:: Problem to solve ::
Everything in the records except the pictures must be copied out exactly.

:: Input data ::
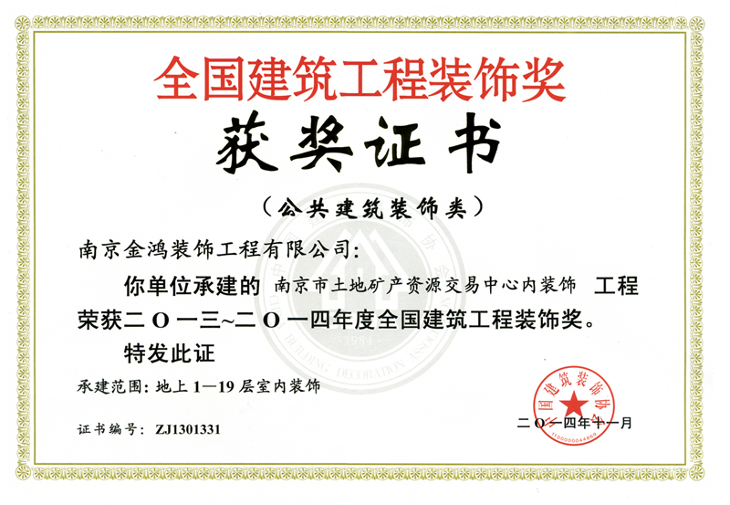 南京市土地礦產(chǎn)交易中心裝飾工程榮獲2013-2014年度“全國建筑工程裝飾獎”
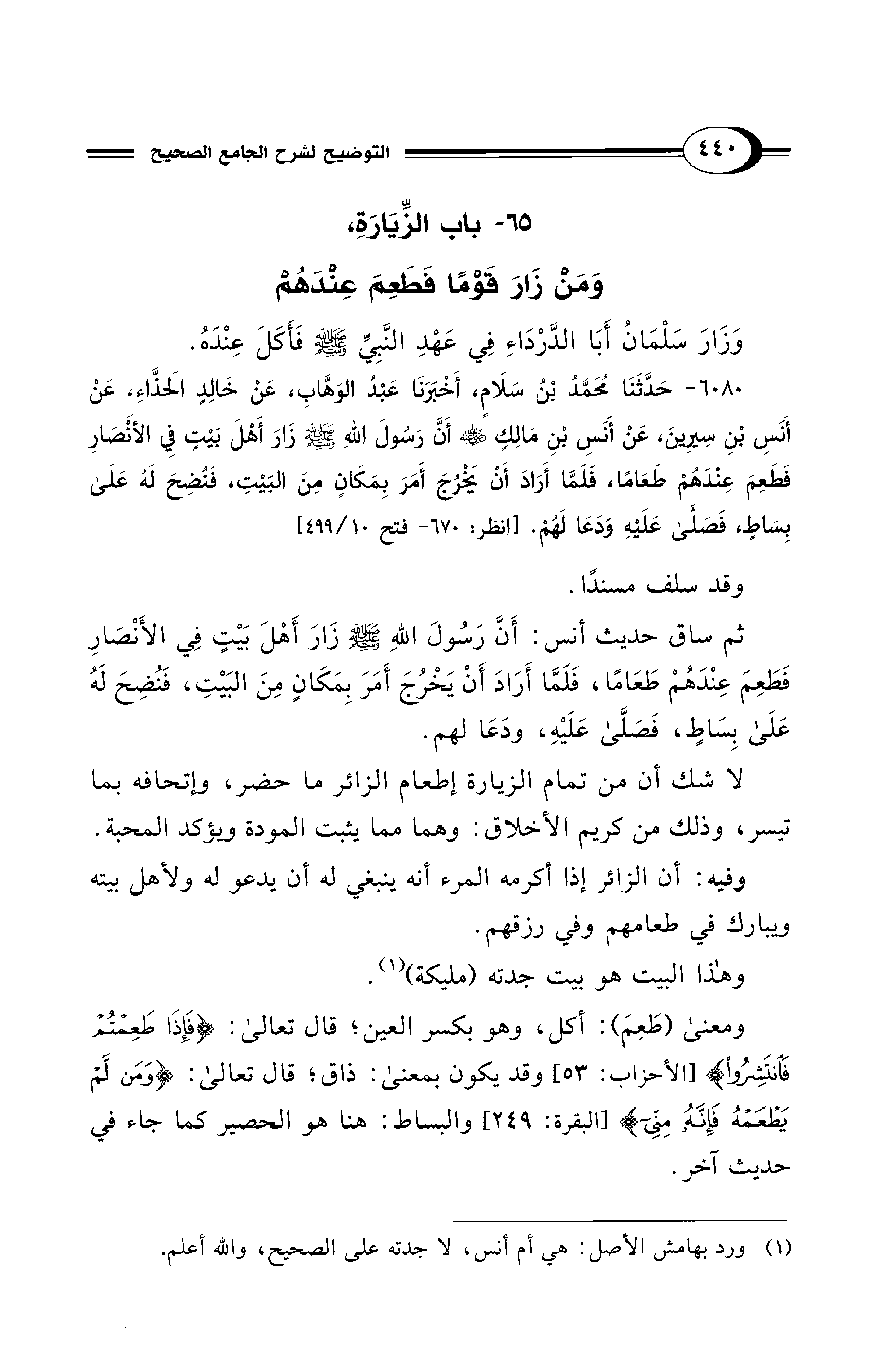 6080 - حَدَّثَنَا مُحَمَّدُ بْنُ سَلاَمٍ، أَخْبَرَنَا عَبْدُ الْوَهَّابِ، عَنْ خَالِدٍ الْحَذَّاءِ، عَنْ أَنَسِ بْنِ سِيرِينَ، عَنْ أَنَسِ بْنِ مَالِكٍ - رضي الله عنه - أَنَّ رَسُولَ اللهِ - صلى الله عليه وسلم - زَارَ أَهْلَ بَيْتٍ فِي الأَنْصَارِ فَطَعِمَ عِنْدَهُمْ طَعَامًا، فَلَمَّا أَرَادَ أَنْ يَخْرُجَ أَمَرَ بِمَكَانٍ مِنَ الْبَيْتِ، فَنُضِحَ لَهُ على بِسَاطٍ، فَصَلَّى عَلَيْهِ وَدَعَا لَهُمْ. [انظر: 670 - فتح 10/ 499]
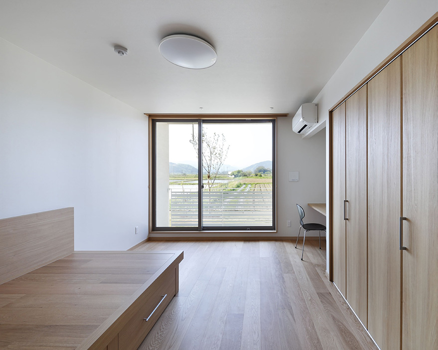 開口部はアルミサッシの規格品ではあるものの、天井いっぱいの高さに配置し、ガラス面を大きく確保。明るく開放的で、窓の外に広がるのどかな田園風景は心を癒してくれます。また見えない部分にも快適性を配慮。住戸間の遮音性に対しては、間柱を千鳥に配置して空隙を設けることで伝達音を緩和し、石膏ボードを重ね貼りした上に、さらにふかし壁を設け、コンセント・スイッチ類等はふかし壁内のみに設け、界壁に穴や切り欠きを一切開けないようにして、住戸間の音を遮断。標準的なワンルーム住戸の構成であるものの、通常のワンルームマンション住戸の1.5倍の34㎡の面積を確保。一般的な低層木造アパートとは違い、遮音性が高く、ゆとりある快適な生活が送れる仕様としています。
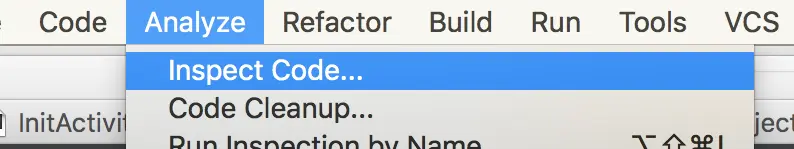 step1:Lint使用路径为『工具栏 -> Analyze -> Inspect Code…』
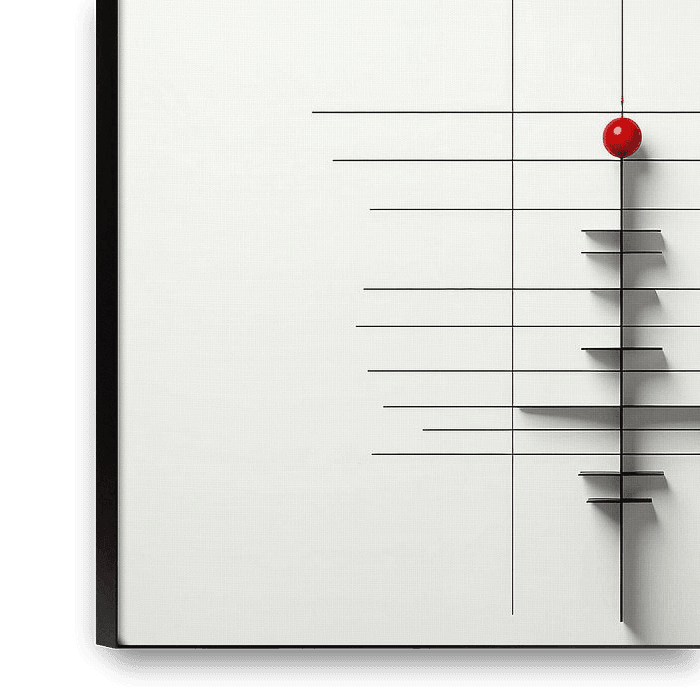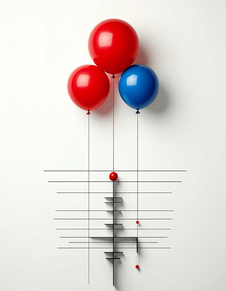 Abstracte grafische compositie die, door de aanwezigheid van rode en blauwe ballonnen, doet denken aan'élevant au dessus de fines lignes horizontales, l'importance de se dégager par le haut de différentes contraintes matérielles. C'est une oeuvre entièrement réalisée avec l'aide de l'IA die gemakkelijk zijn…
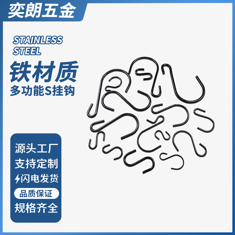 国境を越えた家庭用金属sフックキッチンワードローブ穴なし大型トランペット多機能sフック黒色中実s型
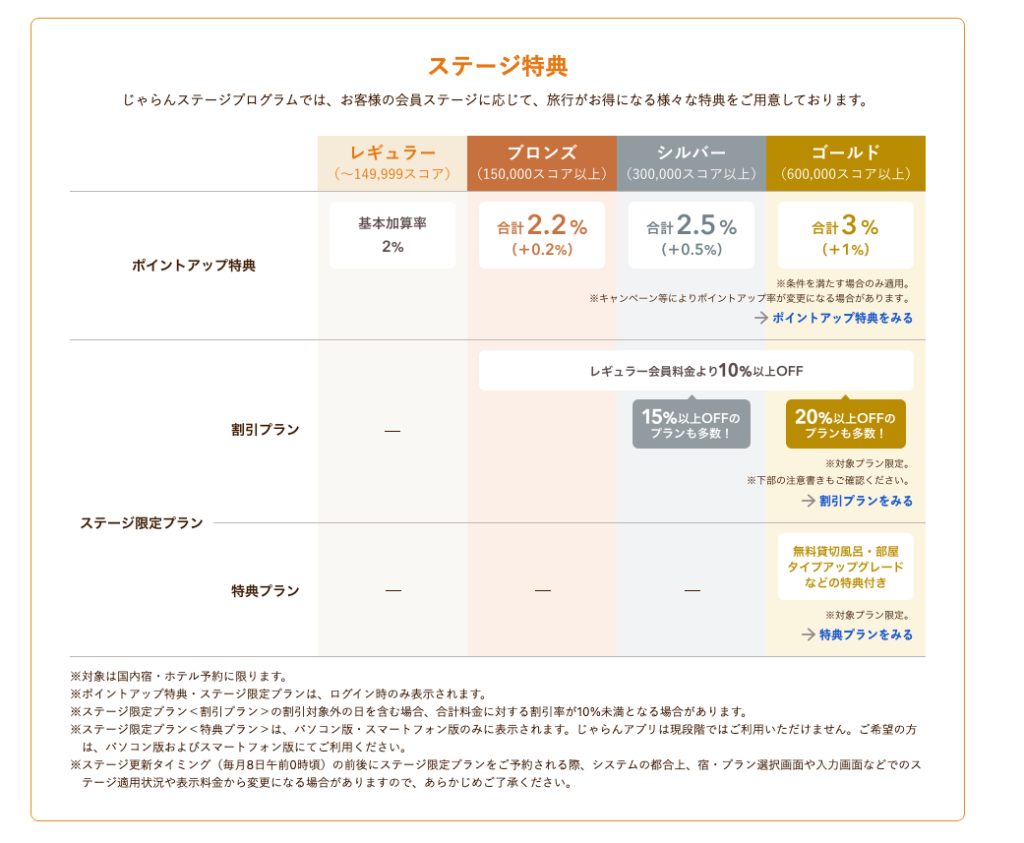 じゃらんを年に数回使うなら、会員ランクも見ておきたいところです。ステージプログラム(レギュラー/ブロンズ/シルバー/ゴールド)でポイント還元率が2.0〜3.0%に変動し、ランク別の専用クーポン枠が配布されることもあります。
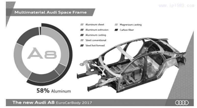 未來的汽車車身將會由多材料體系結構組成的, 如新一代某款奧迪車身材料不再是傳統的白車身了, 而是增加了鋁鎂合金、合金鋼和碳纖維。因此多種材 料的連接將會是工藝制造技術發展的重中之重,工藝 制造分為 4 個專業領域,即沖壓、焊裝、涂裝和總裝。 每個制造過程都會對傳統工藝有所改變,因為在白車 身上變化較大,本文重點闡述沖壓及焊裝的鋁板生產 技術。
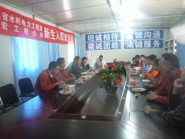 2016年7月26日下午3:00,鑫宏工程公司在固滴項目部會議室開展了新生入職座談會。出席會議的人員有:公司副經理曹軍、項目生產經理丁忠紅、鉆根生產副經理陳勇、安全副經理袁友軍,以及各部門負責人,往屆和應屆大學生等,會議由曹軍主持。
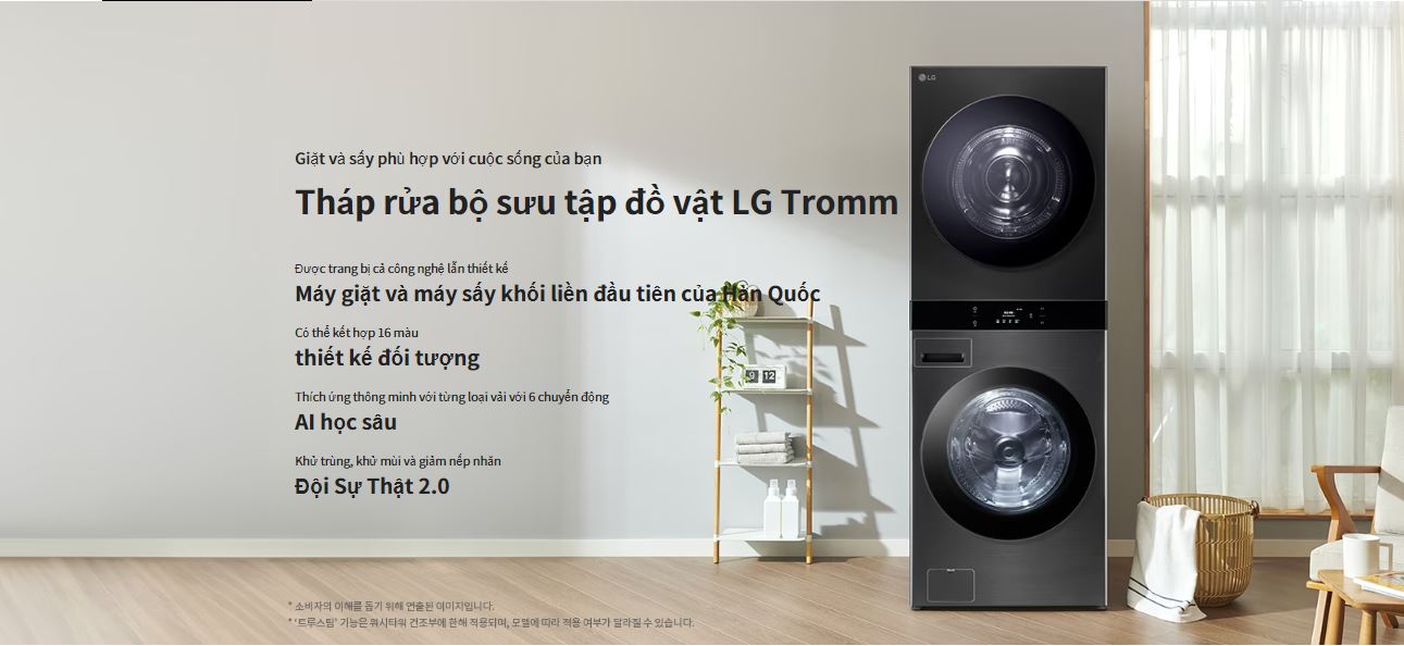 Giặt và sấy phù hợp với cuộc sống của bạn Tháp rửa bộ sưu tập đồ vật LG Tromm được trang bị cả công nghệ lẫn thiết kế. Máy giặt và máy sấy khối liền đầu tiên của Hàn Quốc

:: Written answer ::
 南京市土地礦產(chǎn)交易中心裝飾工程榮獲2013-2014年度“全國建筑工程裝飾獎”
 6080 - حَدَّثَنَا مُحَمَّدُ بْنُ سَلاَمٍ، أَخْبَرَنَا عَبْدُ الْوَهَّابِ، عَنْ خَالِدٍ الْحَذَّاءِ، عَنْ أَنَسِ بْنِ سِيرِينَ، عَنْ أَنَسِ بْنِ مَالِكٍ - رضي الله عنه - أَنَّ رَسُولَ اللهِ - صلى الله عليه وسلم - زَارَ أَهْلَ بَيْتٍ فِي الأَنْصَارِ فَطَعِمَ عِنْدَهُمْ طَعَامًا، فَلَمَّا أَرَادَ أَنْ يَخْرُجَ أَمَرَ بِمَكَانٍ مِنَ الْبَيْتِ، فَنُضِحَ لَهُ على بِسَاطٍ، فَصَلَّى عَلَيْهِ وَدَعَا لَهُمْ. [انظر: 670 - فتح 10/ 499]
 開口部はアルミサッシの規格品ではあるものの、天井いっぱいの高さに配置し、ガラス面を大きく確保。明るく開放的で、窓の外に広がるのどかな田園風景は心を癒してくれます。また見えない部分にも快適性を配慮。住戸間の遮音性に対しては、間柱を千鳥に配置して空隙を設けることで伝達音を緩和し、石膏ボードを重ね貼りした上に、さらにふかし壁を設け、コンセント・スイッチ類等はふかし壁内のみに設け、界壁に穴や切り欠きを一切開けないようにして、住戸間の音を遮断。標準的なワンルーム住戸の構成であるものの、通常のワンルームマンション住戸の1.5倍の34㎡の面積を確保。一般的な低層木造アパートとは違い、遮音性が高く、ゆとりある快適な生活が送れる仕様としています。
 step1:Lint使用路径为『工具栏 -> Analyze -> Inspect Code…』
 Abstracte grafische compositie die, door de aanwezigheid van rode en blauwe ballonnen, doet denken aan'élevant au dessus de fines lignes horizontales, l'importance de se dégager par le haut de différentes contraintes matérielles. C'est une oeuvre entièrement réalisée avec l'aide de l'IA die gemakkelijk zijn…
 国境を越えた家庭用金属sフックキッチンワードローブ穴なし大型トランペット多機能sフック黒色中実s型
 じゃらんを年に数回使うなら、会員ランクも見ておきたいところです。ステージプログラム(レギュラー/ブロンズ/シルバー/ゴールド)でポイント還元率が2.0〜3.0%に変動し、ランク別の専用クーポン枠が配布されることもあります。
 未來的汽車車身將會由多材料體系結構組成的, 如新一代某款奧迪車身材料不再是傳統的白車身了, 而是增加了鋁鎂合金、合金鋼和碳纖維。因此多種材 料的連接將會是工藝制造技術發展的重中之重,工藝 制造分為 4 個專業領域,即沖壓、焊裝、涂裝和總裝。 每個制造過程都會對傳統工藝有所改變,因為在白車 身上變化較大,本文重點闡述沖壓及焊裝的鋁板生產 技術。
 2016年7月26日下午3:00,鑫宏工程公司在固滴項目部會議室開展了新生入職座談會。出席會議的人員有:公司副經理曹軍、項目生產經理丁忠紅、鉆根生產副經理陳勇、安全副經理袁友軍,以及各部門負責人,往屆和應屆大學生等,會議由曹軍主持。
 Giặt và sấy phù hợp với cuộc sống của bạn Tháp rửa bộ sưu tập đồ vật LG Tromm được trang bị cả công nghệ lẫn thiết kế. Máy giặt và máy sấy khối liền đầu tiên của Hàn Quốc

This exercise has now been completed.